Question

Over the past several years, the owner of a boutique on Aspen Avenue has observed a pattern in the amount of revenue for the store. The revenue reaches a maximum of about $54,000 in May and a minimum of about $20,000 in November. Suppose the months are numbered 1 through 12, and write a function of the form f(x)=Asin(B[x−C])+D that models the boutique's revenue during the year, where x corresponds to the month.

A) f(x)=17,000sin( π/6 [x−5])+37,000
B) f(x)=17,000sin( π/6 [x−4])+37,000
C) f(x)=17,000sin( π/6 [x−3])+37,000
D) f(x)=17,000sin( π/6 [x−2])+37,000

Answer 1

The function that models the boutique's revenue during the year is f(x) = 17,000sin(pi/6[x-4]) + 37,000.

Step-by-step explanation:

The function that models the boutique's revenue during the year is:

f(x) = 17,000sin(π/6[x-4]) + 37,000

To determine this, we observe that the revenue reaches a maximum of $54,000 in May and a minimum of $20,000 in November.
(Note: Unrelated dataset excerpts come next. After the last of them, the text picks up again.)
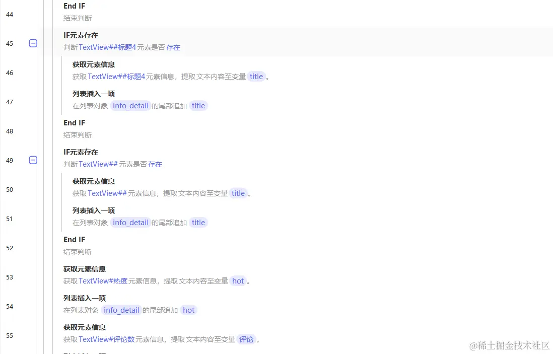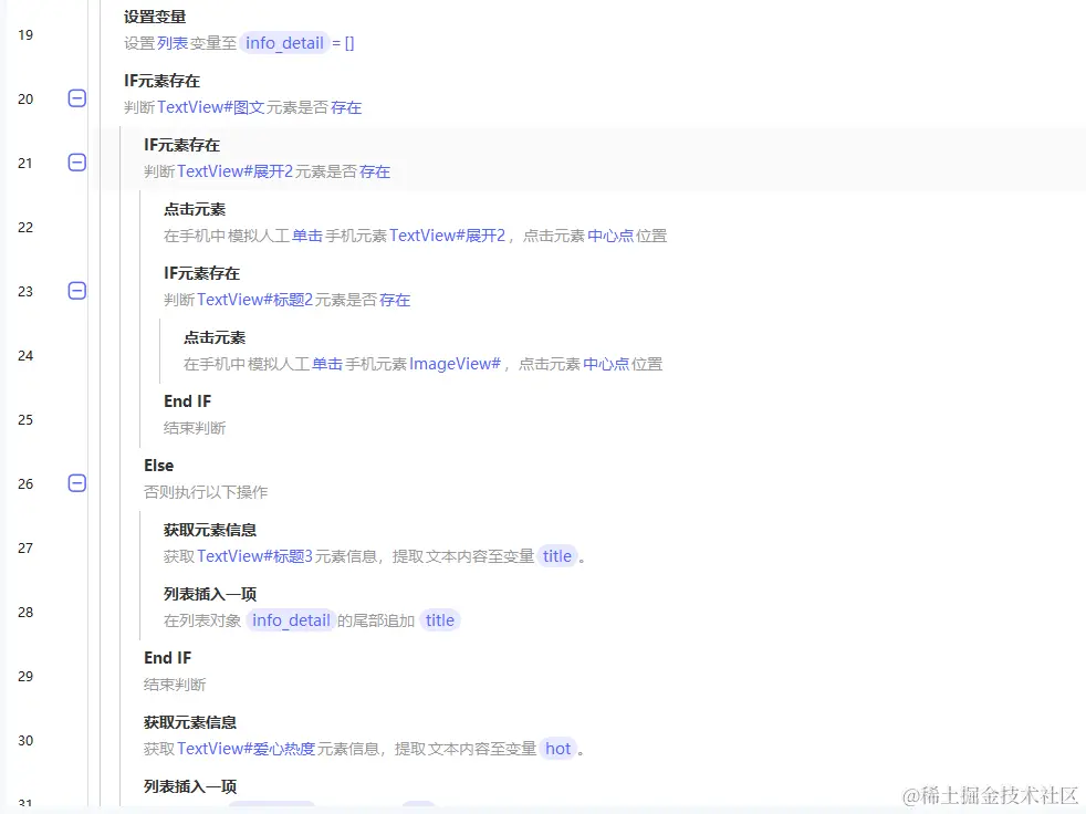 4. 收集相关热度数据,因为页面变化,视频页面的相关元素会出现变动,所以收集数据之前,要先判断热度数据元素是存在,使用[IF元素存在]指令多做几个判断即可。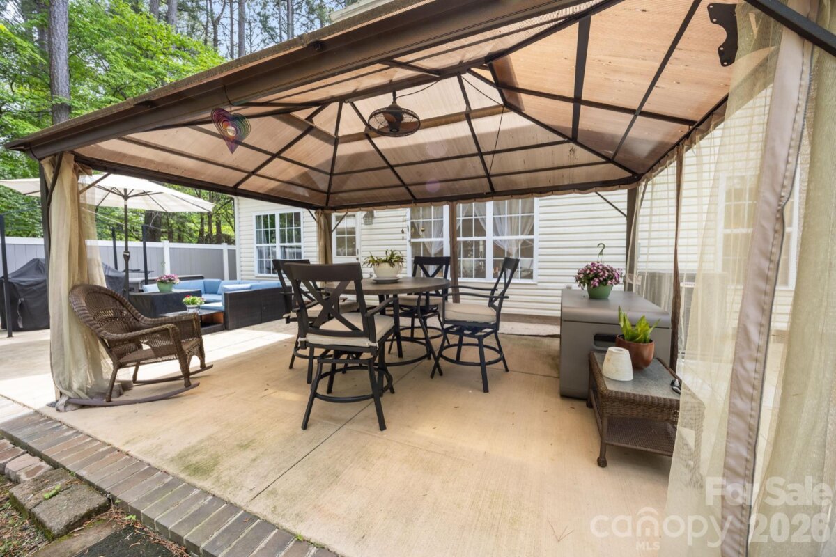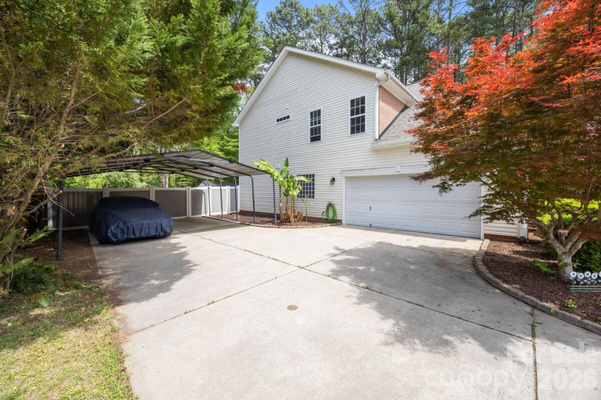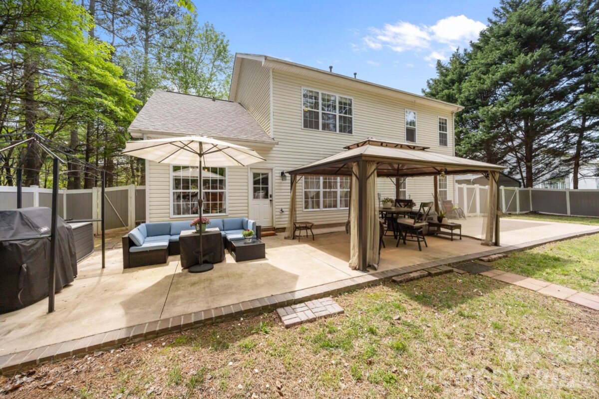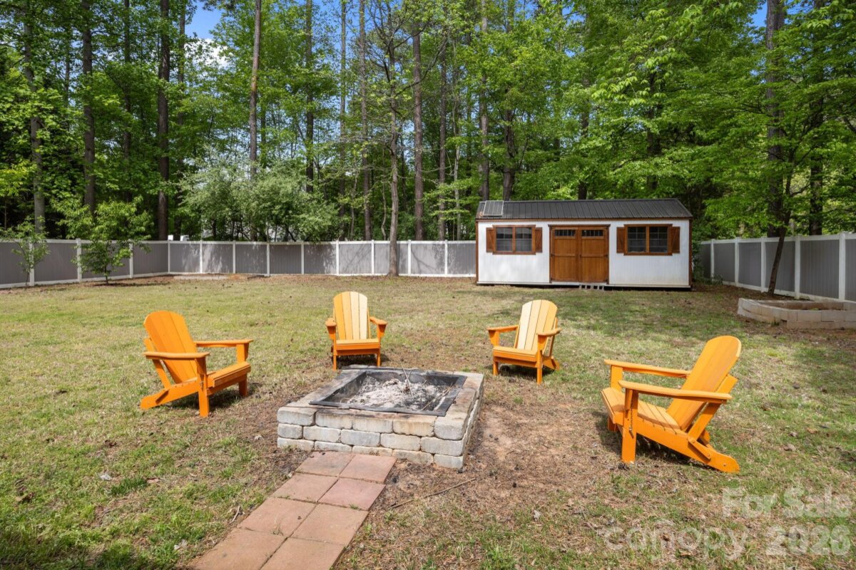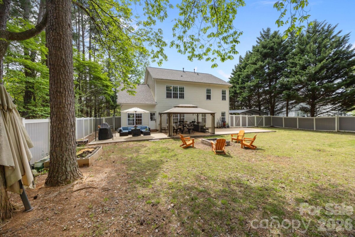 No HOA! This beautifully updated 5-bedroom, 3.5-bath home offers a highly desirable layout with a spacious main-level owner’s suite featuring a walk-in closet, dual vanities, and a stunning custom walk-in shower. The main level also includes a living room and a dining room/flex space, providing versatility for both everyday living and entertainingssThe renovated kitchen is equipped with elegant quartz countertops, stainless steel appliances, and an exterior-vented hood—perfect for cooking and gathering. Upstairs, you’ll find three additional bedrooms along with a versatile bedroom/bonus room that includes a private full bathroom—ideal as a second owner’s suite, guest retreat, or flex space. Enjoy outdoor living in the large, private backyard with custom fencing already prepared for a future swimming pool. The expansive brick-lined concrete patio (16’x60’) spans the full width of the home and includes a 12’x16’ gazebo and a spacious firepit area—perfect for entertaining or relaxing. A solar-powered 12’x24’ wooden storage shed adds both convenience and charm. The extended driveway leads to a two-car garage along with an additional 20’x20’ double carport, offering ample parking. Recent updates include a new roof (2023) and new furnace and water heater (2022). Conveniently located near I-77 with easy access to shopping, dining, and everyday amenities.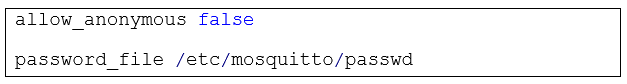 Konfigurasi default biasanya tanpa keamanan. Untuk produksi atau IoT yang terhubung ke internet, disarankan menambahkan: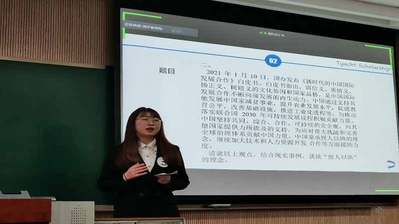 刘龙燚选手曾获得过多次“优秀员工”“优秀员工干部”等光荣称号,她向我们着重介绍了她的科研经历以及短期支教经历,当评委问到她在支教过程中感触最深的一件事时,她提到一位小朋友的话触动了她,让她认识到短期支教对于孩子们的帮助有限,并希望自己以后能够更多的为乡村教育事业做出自己的贡献。其即兴演讲主题是“授人以渔”,刘龙燚认为授人以渔最重要的是传授方法,并谈论到了“巴铁”以及中国对友邻的援助方式。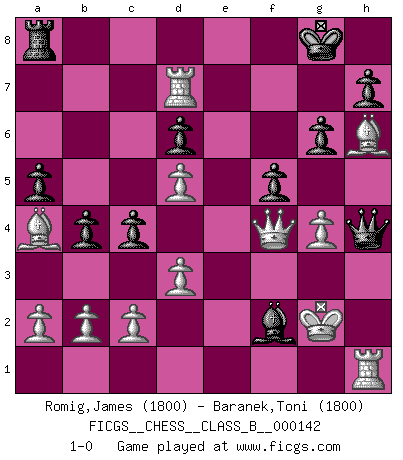 Last move : 1-0 2011 June 14 19:45:38 [Event "FICGS__CHESS__CLASS_B__000142"] [Site "FICGS"] [Date "2011.03.27"] [Round "1"] [White "Romig,James"] [Black "Baranek,Toni"] [Result "1-0"] [WhiteElo "1800"] [BlackElo "1800"] 1.e4 c5 2.Nf3 g6 3.Bc4 Nc6 4.O-O Bg7 5.Re1 d6 6.d3 Nf6 7.h3 O-O 8.Nc3 a6 9.Bg5 b5 10.Bb3 b4 11.Nd5 Nxd5 12.exd5 Nd4 13.Bxe7 Qc7 14.Nxd4 Bxd4 15.Bxf8 Bxh3 16.Bh6 Bf5 17.Rb1 a5 18.Ba4 c4 19.g4 Bd7 20.Re7 Qd8 21.Rxd7 Qf6 22.Qd2 Qh4 23.Qf4 Bxf2+ 24.Kg2 f5 25.Rh1 1-0 Sicilian : Hungarian variation Kingside Castling by player White (move 4) Kingside Castling by player Black (move 7) Player White won this chess game. Follow this game move after move (download)The battle for the ultimate truth will never be won. And that's why Chess is so fascinating. (Hans Kmoch) Bobby Fischer ist kein Vorbild für die heutige Jugend. (Viktor Kortschnoi) Ciertamente el estado mental actual de Bobby Fischer es una tragedia. Uno de los mas grandes jugadores de Ajedrez del mundo -el orgullo y pena del Ajedrez Americano. (Frank Brady) Botvinnik disait en comparant les échecs à la musique: Il existe une science dont le but est l'étude de l'acoustique et des sons. Mais il y a aussi un art qui se sert de l'océan des sons : c'est la musique. De toute évidence, il en est de même pour la pensée. La logique est l'étude des lois de la réflexion et les échecs reflètent, en tant qu'art, le côté logique de la réflexion, sous la forme d'images artistiques... Extrait de Fischer - Spassky, Reykjavik 1972 par Alexander & F. Wyndham (Ed. Solar), p 37. You must have a dream in order to have it come true. (A.P.J. Kalam)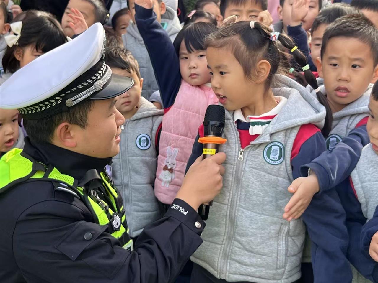 活动现场,民警结合园区周边道路特点和幼儿认知规律,通过交通标志辨认、趣味问答、吟唱童谣、交通手势模拟等形式,讲解了安全过街、识别交通信号灯、车辆盲区避险、不在马路上追逐打闹等实用知识。孩子们在“红灯停绿灯行”“大手拉小手”等互动游戏中,逐步建立起安全文明出行意识。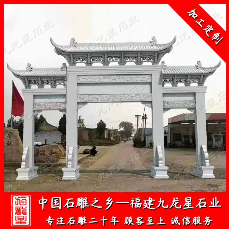 石雕牌坊(石雕村牌坊廠家雕刻 三門村口石牌坊 批發(fā)石牌坊)——九龍星石業(yè)
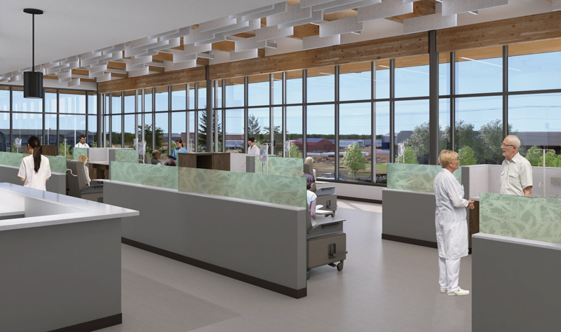 Located on the second floor of the Cancer Center, a 5,000 square-foot chemotherapy infusion room with floor-to-ceiling windows will provide views of the Cascade Mountains. The space will include 24 infusion chairs, three privacy bays and a private waiting area.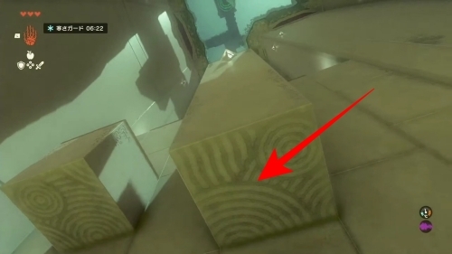 큰 바위에 붙은 무기로 바위 기둥을 부수면 보물 상자( 나무 화살 x5)를 얻을 수 있습니다 .

The maximum value occurs in month 5, so the value of C is 5. The maximum revenue value is $54,000, so the value of D is 54,000. The amplitude of the function, A, can be determined by finding the difference between the maximum and minimum values, which is (54,000 - 20,000) = 34,000. Finally, the period, determined by B, can be found by dividing the number of months in a year (12) by the number of cycles between the maximum and minimum values (1). Therefore, B = 12/1 = 12. Substituting these values into the given equation gives us the final function that models the boutique's revenue.